My daughter, bless her heart, introduced me to The Office. She introduced me to. . . Michael Scott. Yes, I now know this was the role that allowed all those other roles to happen, but there’s no rule saying I need to watch anyone’s career arc in chronological order. Sheesh.

So I was pretty late in the game getting to know Michael Scott. He came post-Gru, post-Hammy, post-Uncle Arthur. The point being that I already had a sound yet varied base for my pre-conceived notions on what Steve Carell could do as an actor. He could transition from one role to another keeping his distinct signature, but also inhabiting the character enough where I could lose myself in the plot.

Then Michael Freakin’ Scott, Regional Manager of Dunder-Mifflin’s Scranton Sales Branch on NBC’s The Office appeared and quickly obliterated everything I thought I knew about Mr. Carell.
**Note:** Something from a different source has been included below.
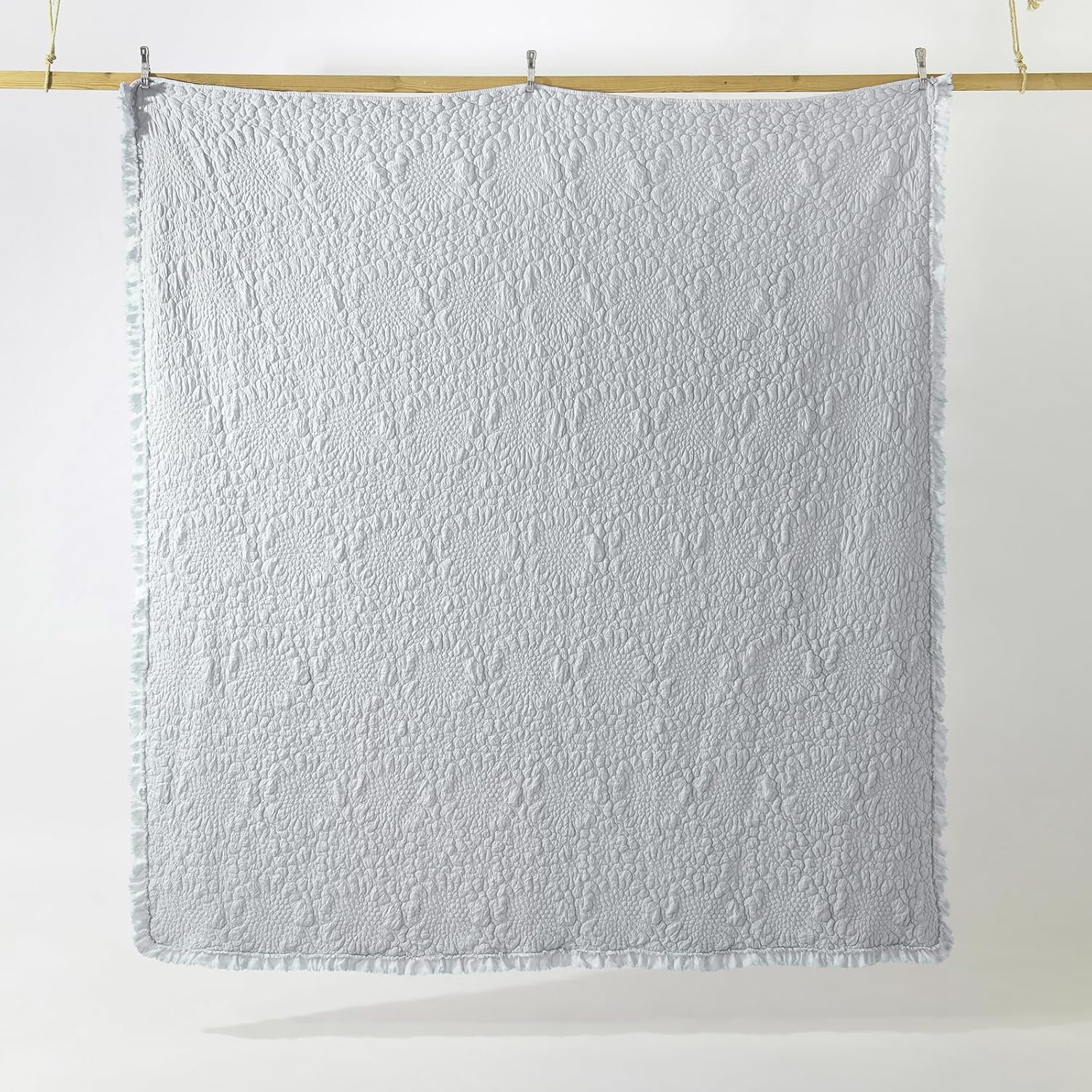 HORIMOTE HOME Light Blue Ruffled Quilt Twin Size, Stone-Washed Microfiber Lightweight Crinkled Farmhouse Rustic Shabby Chic Bedding Set, 2 Pieces Reversible Bedspread with Pillow Sham for All Season

It’s a testament to his acting ability to say that I am now totally disillusioned by that character for the rest of my life. He did such a good job with portraying the self-centered, insecure, incompetent, big-hearted, crybaby Michael Scott that I just can’t look at him the same way anymore.

Hell, as it stands I can barely get through an episode of The Office for reasons that have everything and nothing to do with Steve Carell’s magnificent acting. I feel the embarrassment and awkwardness of the employees so keenly. Yes, they’re fictitious characters and it’s all just actors reading a script they memorized; a script that was designed specifically for the purpose of making me feel uncomfortable. But even knowing all that, it makes me cringe. Now, on top of that general unease, now I see Michael Scott in everything Steve Carell does.

It’s both a blessing and a curse that an actor knocks a role so far out of the park that there’s no coming back. But congratulations Mr. Carell on what you accomplished with Michael Scott. It’s not often that someone does too good of a job.